THE PROBLEM: From the entries below, print exactly the span beginning with the line holding "本工程地下部分連為整體,地上" and ending with the line holding "Title (ebay affiliate", endpoints included, and skip any pictures.

SOURCE DATA:
<<<<

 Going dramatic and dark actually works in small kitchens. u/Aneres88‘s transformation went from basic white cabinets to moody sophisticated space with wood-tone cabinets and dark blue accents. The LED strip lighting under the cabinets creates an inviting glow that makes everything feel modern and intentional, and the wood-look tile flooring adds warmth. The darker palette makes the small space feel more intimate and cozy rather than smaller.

>>>>
<<<<

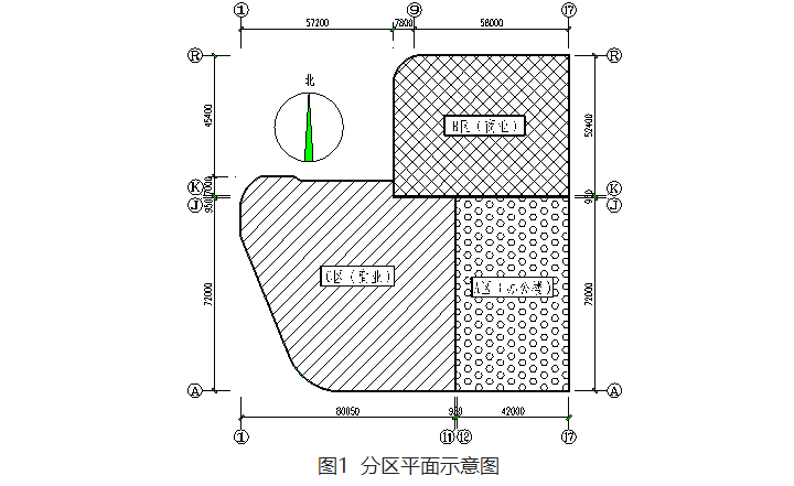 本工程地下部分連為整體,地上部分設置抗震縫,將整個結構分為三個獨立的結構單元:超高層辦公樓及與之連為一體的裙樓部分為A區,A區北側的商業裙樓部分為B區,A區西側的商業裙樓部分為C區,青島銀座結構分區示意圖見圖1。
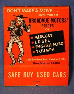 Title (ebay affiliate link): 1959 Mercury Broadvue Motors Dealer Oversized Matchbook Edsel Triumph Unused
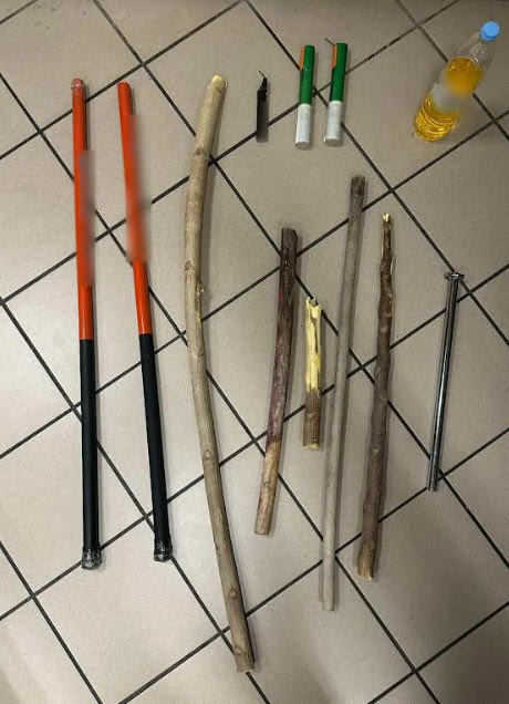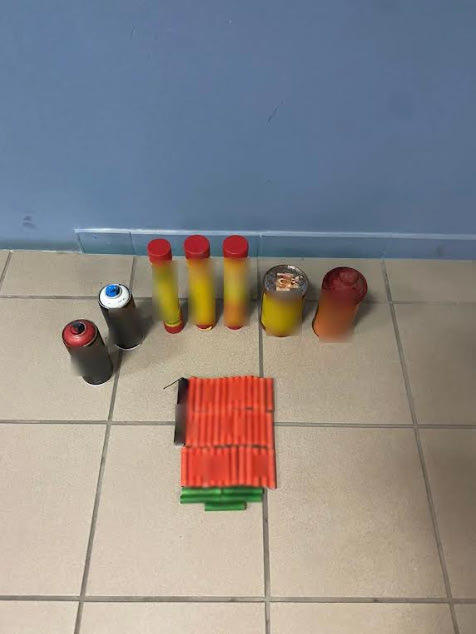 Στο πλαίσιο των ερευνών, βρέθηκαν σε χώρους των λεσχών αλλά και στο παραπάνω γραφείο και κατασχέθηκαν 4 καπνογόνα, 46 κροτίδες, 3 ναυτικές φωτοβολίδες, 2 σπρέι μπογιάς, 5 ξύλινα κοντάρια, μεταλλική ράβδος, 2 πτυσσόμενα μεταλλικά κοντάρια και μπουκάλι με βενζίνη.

>>>>

EXERCISE SOLUTION:
 本工程地下部分連為整體,地上部分設置抗震縫,將整個結構分為三個獨立的結構單元:超高層辦公樓及與之連為一體的裙樓部分為A區,A區北側的商業裙樓部分為B區,A區西側的商業裙樓部分為C區,青島銀座結構分區示意圖見圖1。
 Title (ebay affiliate link): 1959 Mercury Broadvue Motors Dealer Oversized Matchbook Edsel Triumph Unused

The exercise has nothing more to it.